*** Begin section ***
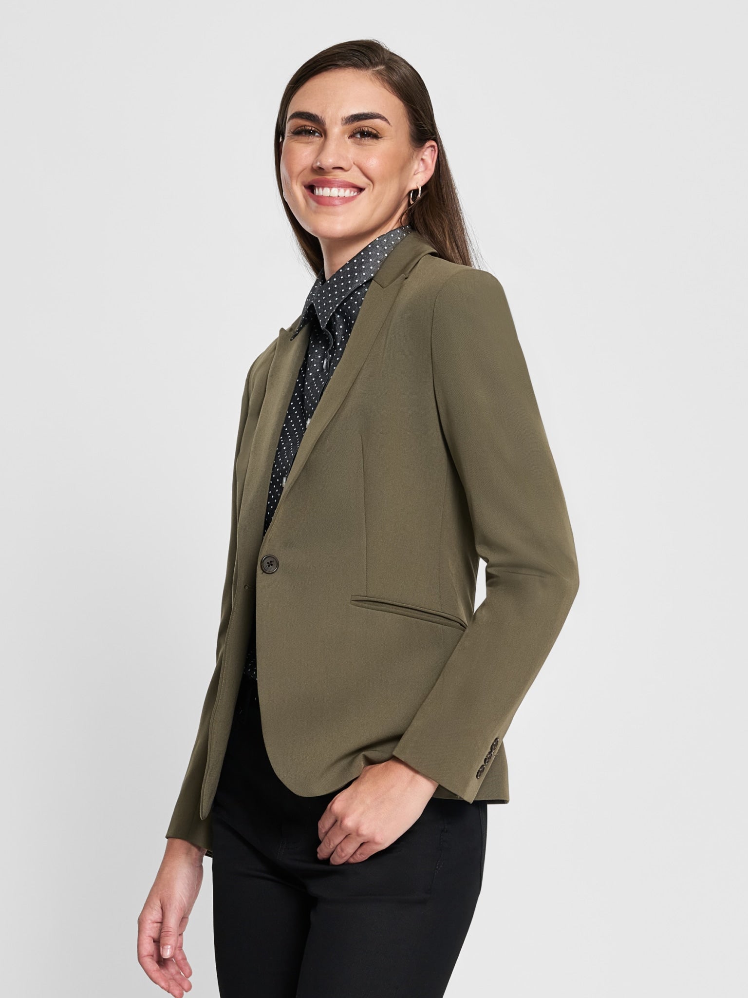 - Single-button closure with fitted feminine silhouette
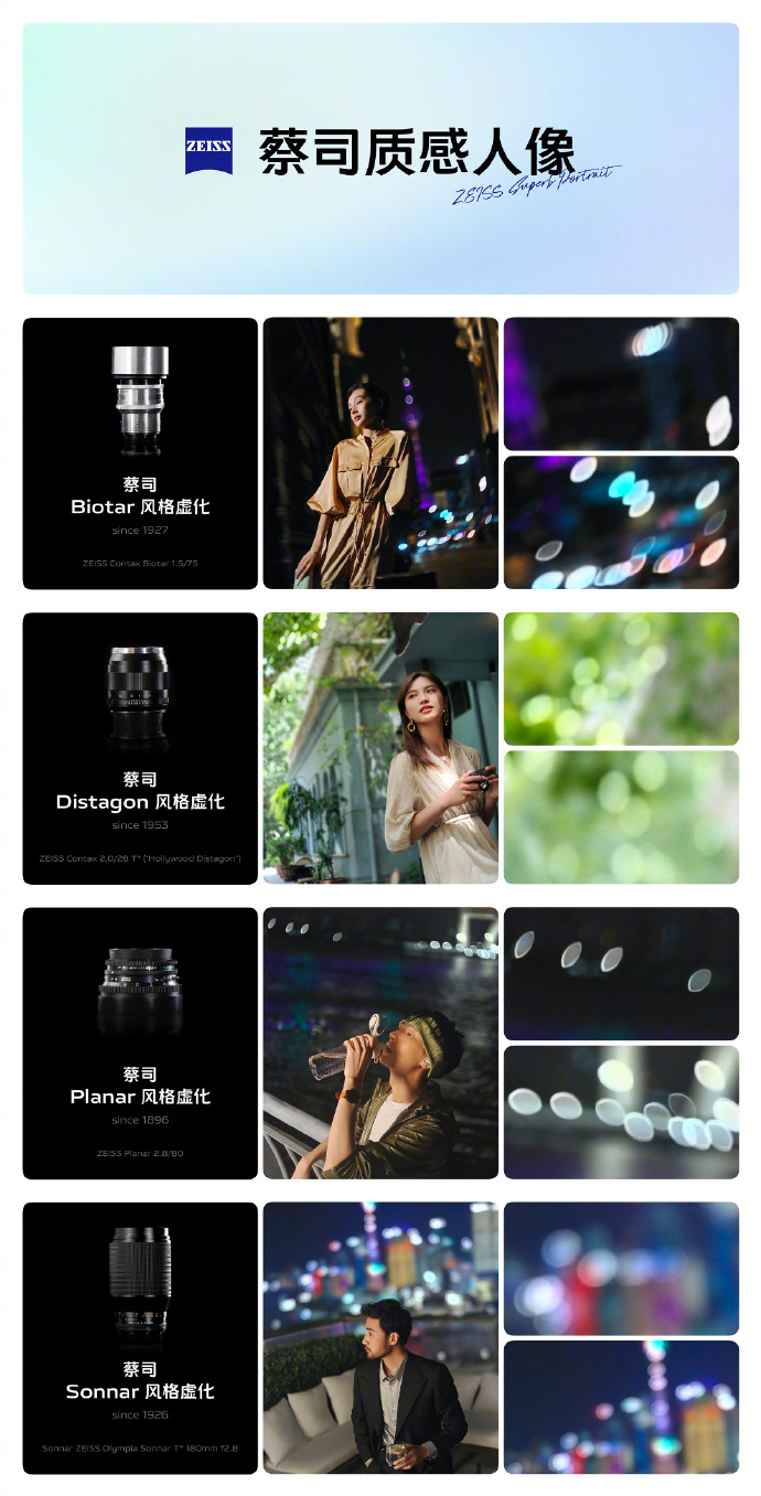 vivo 和蔡司共同选取蔡司 ZEISS Contax Biotar 1.5/75、ZEISS Contax Distagon 2.0/28 T*、ZEISS Hasselblad Planar 2.8/80、ZEISS Olympia Sonnar T* 2.8/180 这四款经典镜头复刻到 vivo X70 系列中,组成全新的「蔡司镜头包」,让普通用户也能轻松拍出蔡司经典镜头的人像风格。
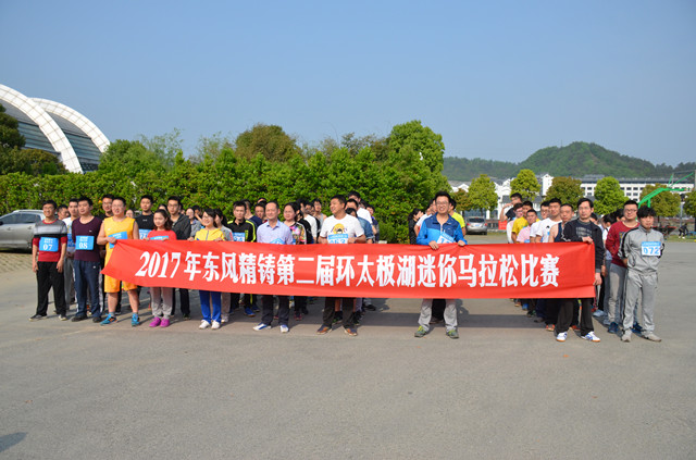2017年?yáng)|風(fēng)精為了進(jìn)一步踐行 “快樂工作、健康生活”的工作理念,豐富員工文體活動(dòng)內(nèi)容,特舉行第二屆東風(fēng)精鑄環(huán)太極湖迷你馬拉松運(yùn)動(dòng)會(huì),此次運(yùn)動(dòng)會(huì)由東風(fēng)精鑄工會(huì)及徒步、長(zhǎng)跑協(xié)會(huì)聯(lián)合舉辦,比賽路線全長(zhǎng)8.8公里,共有8個(gè)代表團(tuán)100人參加。
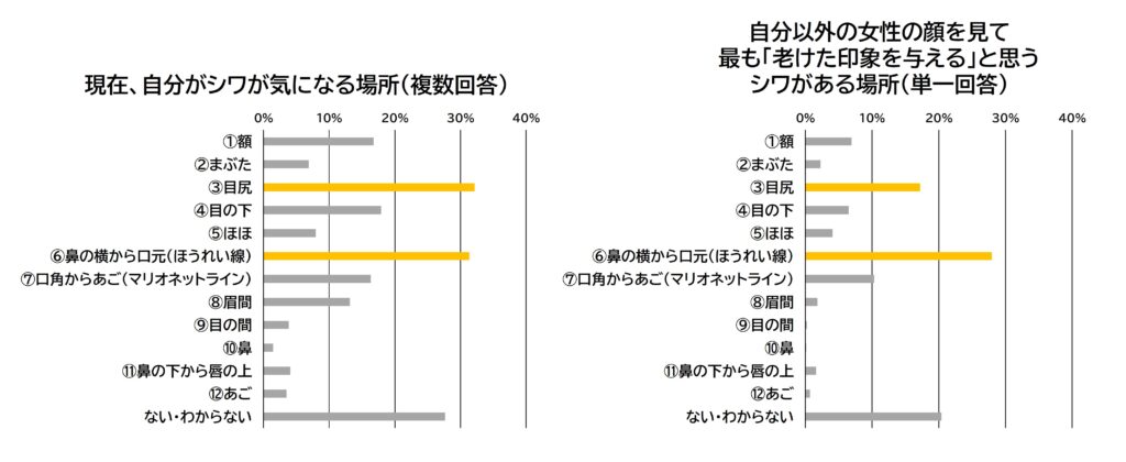 その結果、自分自身が「気になる」部位と、他人に「老けた印象を与える」部位は、ほぼ一致することが明らかになりました。
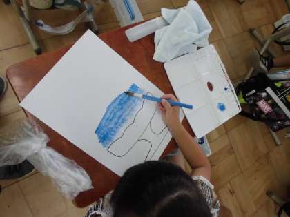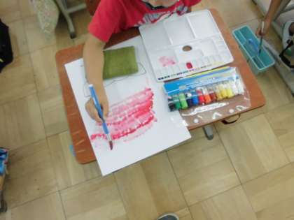 2年生は図画工作科の学習で,はじめて水彩絵具を使いました。準備の仕方,用具の使い方,後片付けの仕方など,覚えることがたくさんあります。
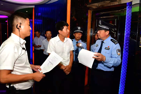 民警在排查治安和消防隐患。 夏旭东 摄
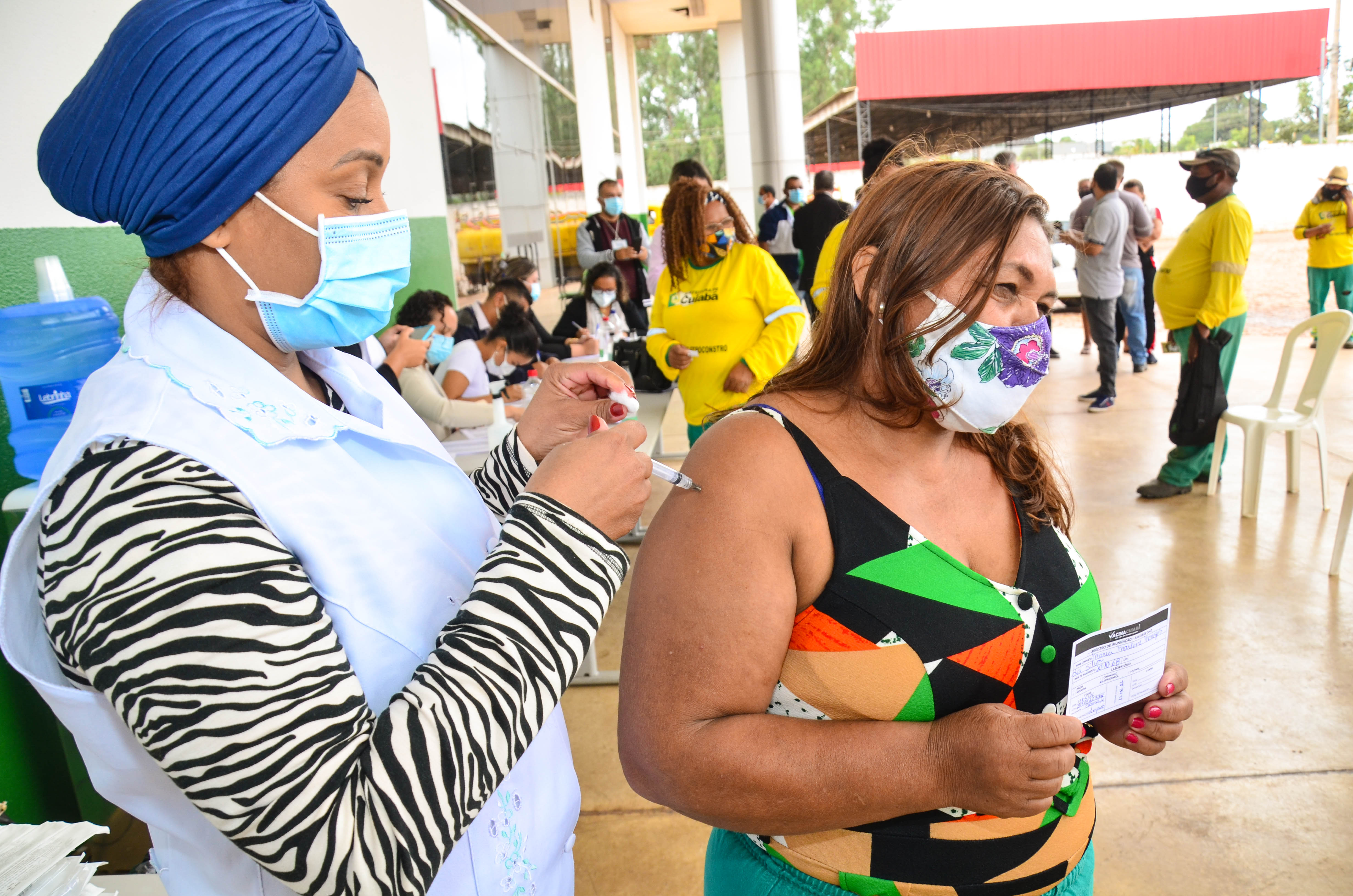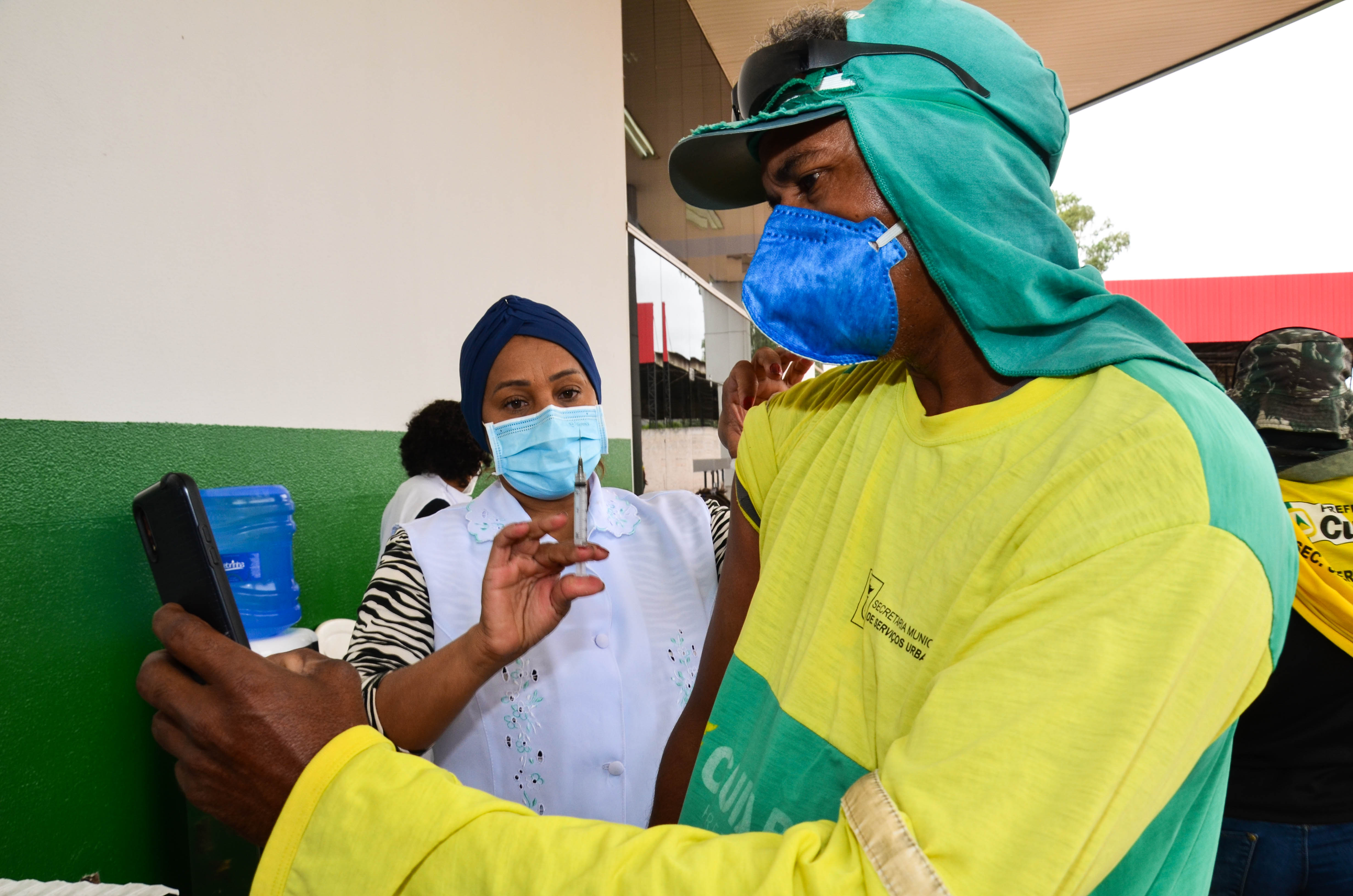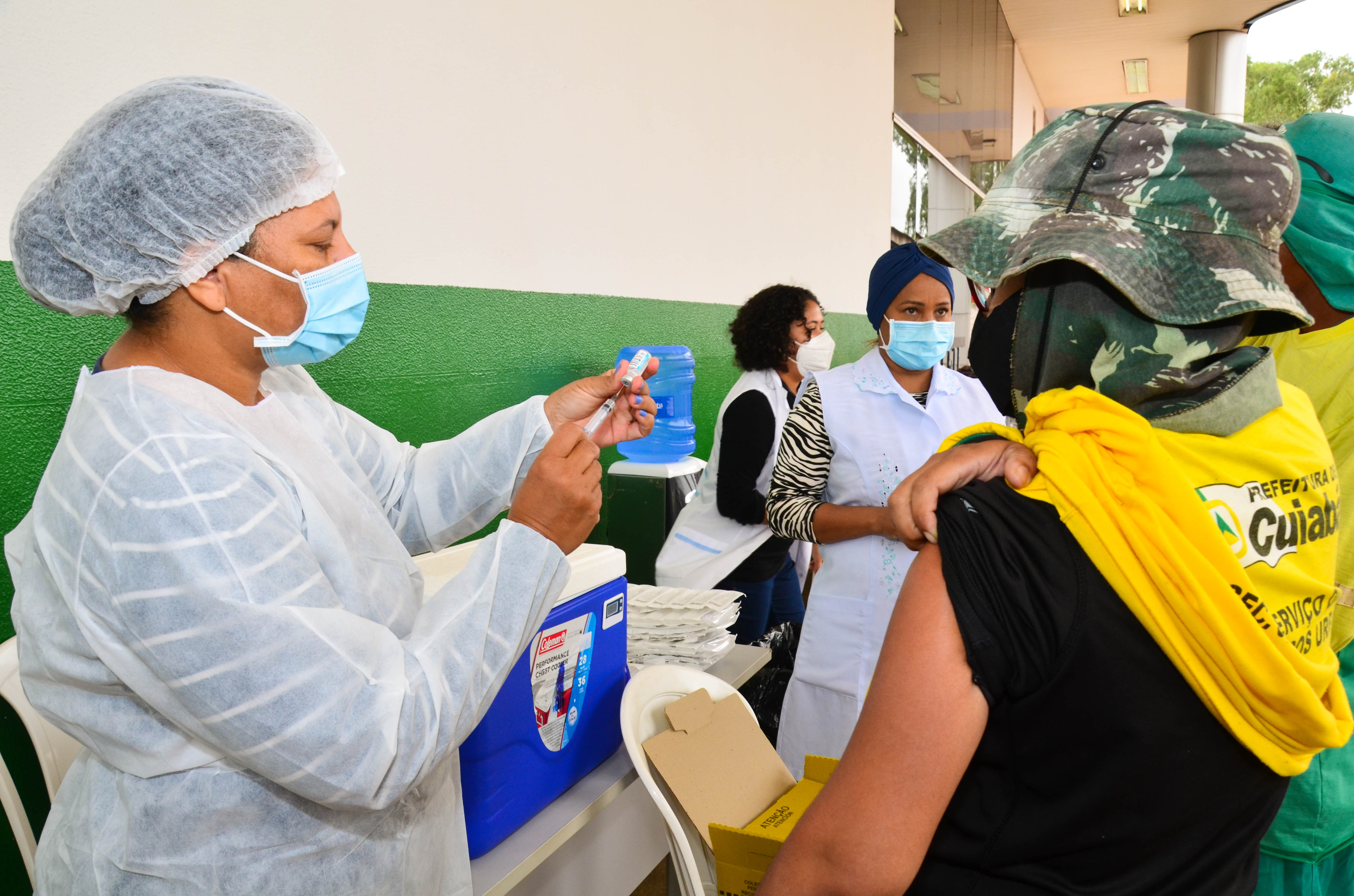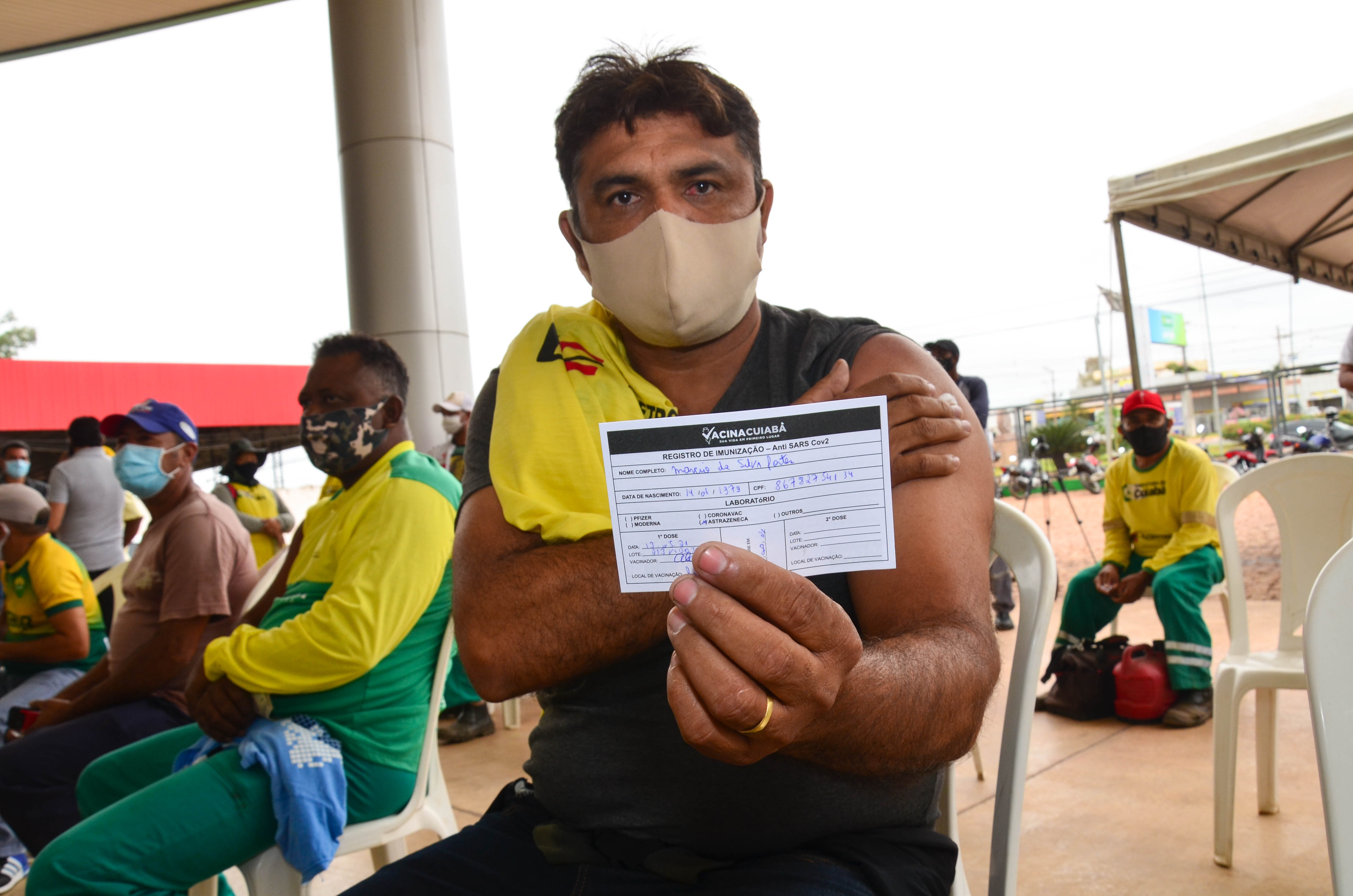 Cerca de 950 trabalhadores, entre varredores, garis da coleta de lixo domiciliar e catadores de recicláveis começaram a receber a primeira dose da vacina contra a Covid-19. A ação é coordenada pela Secretaria Municipal de Saúde, em parceria com a Empresa Cuiabana de Zeladoria e Serviços Urbanos (Limpurb), e faz parte da campanha “Vacina Cuiabá – sua vida em primeiro lugar”.
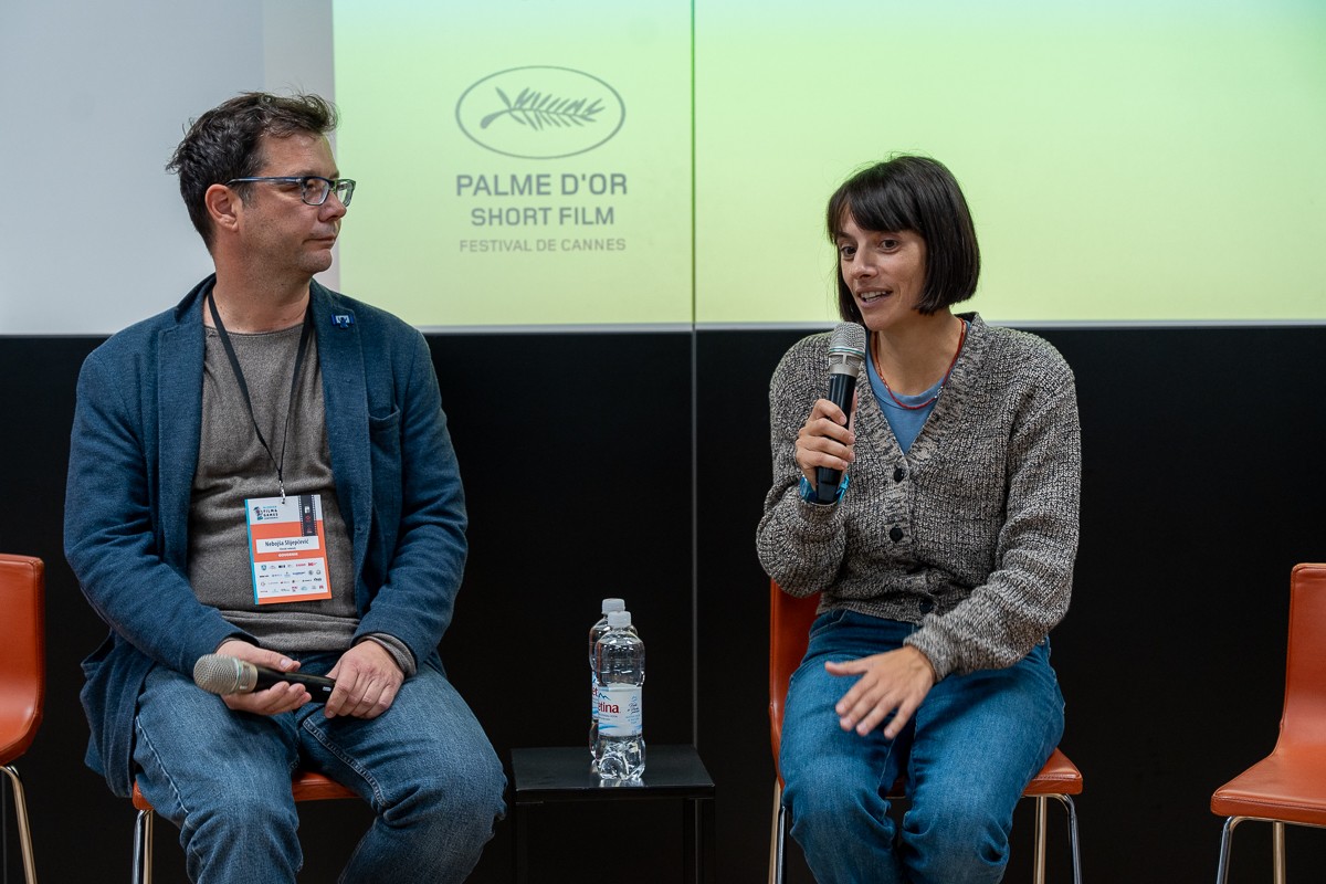 Naš predavač Nebojša Sljepčević, jedini dobitnik Zlatne palme u Hrvatskoj od osamostaljenja još je jednom doživio ovacije publike nakon projekcije kratkometražnog igranog filma „Čovjek koji nije mogao šutjeti“ koji mu je i osigurao ovu prestižnu nagradu te je ovogodišnji hrvatski kandidat za Oscara. O nastanku samog filma kao i budućim projektima razgovarao je u prigodnom dijalogu nakon projekcije s moderatoricom dr. sc. Višnjom Pentić, filmologinjom i filmskom kritičarkom.
*** End section ***
Leave out each picture and extract the lines from the one containing "その結果、自分自身が「気にな" through the end of the records above, inclusive, exactly as they stand.

• **ANSWER TO THE PROBLEM**
 その結果、自分自身が「気になる」部位と、他人に「老けた印象を与える」部位は、ほぼ一致することが明らかになりました。
 2年生は図画工作科の学習で,はじめて水彩絵具を使いました。準備の仕方,用具の使い方,後片付けの仕方など,覚えることがたくさんあります。
 民警在排查治安和消防隐患。 夏旭东 摄
 Cerca de 950 trabalhadores, entre varredores, garis da coleta de lixo domiciliar e catadores de recicláveis começaram a receber a primeira dose da vacina contra a Covid-19. A ação é coordenada pela Secretaria Municipal de Saúde, em parceria com a Empresa Cuiabana de Zeladoria e Serviços Urbanos (Limpurb), e faz parte da campanha “Vacina Cuiabá – sua vida em primeiro lugar”.
 Naš predavač Nebojša Sljepčević, jedini dobitnik Zlatne palme u Hrvatskoj od osamostaljenja još je jednom doživio ovacije publike nakon projekcije kratkometražnog igranog filma „Čovjek koji nije mogao šutjeti“ koji mu je i osigurao ovu prestižnu nagradu te je ovogodišnji hrvatski kandidat za Oscara. O nastanku samog filma kao i budućim projektima razgovarao je u prigodnom dijalogu nakon projekcije s moderatoricom dr. sc. Višnjom Pentić, filmologinjom i filmskom kritičarkom.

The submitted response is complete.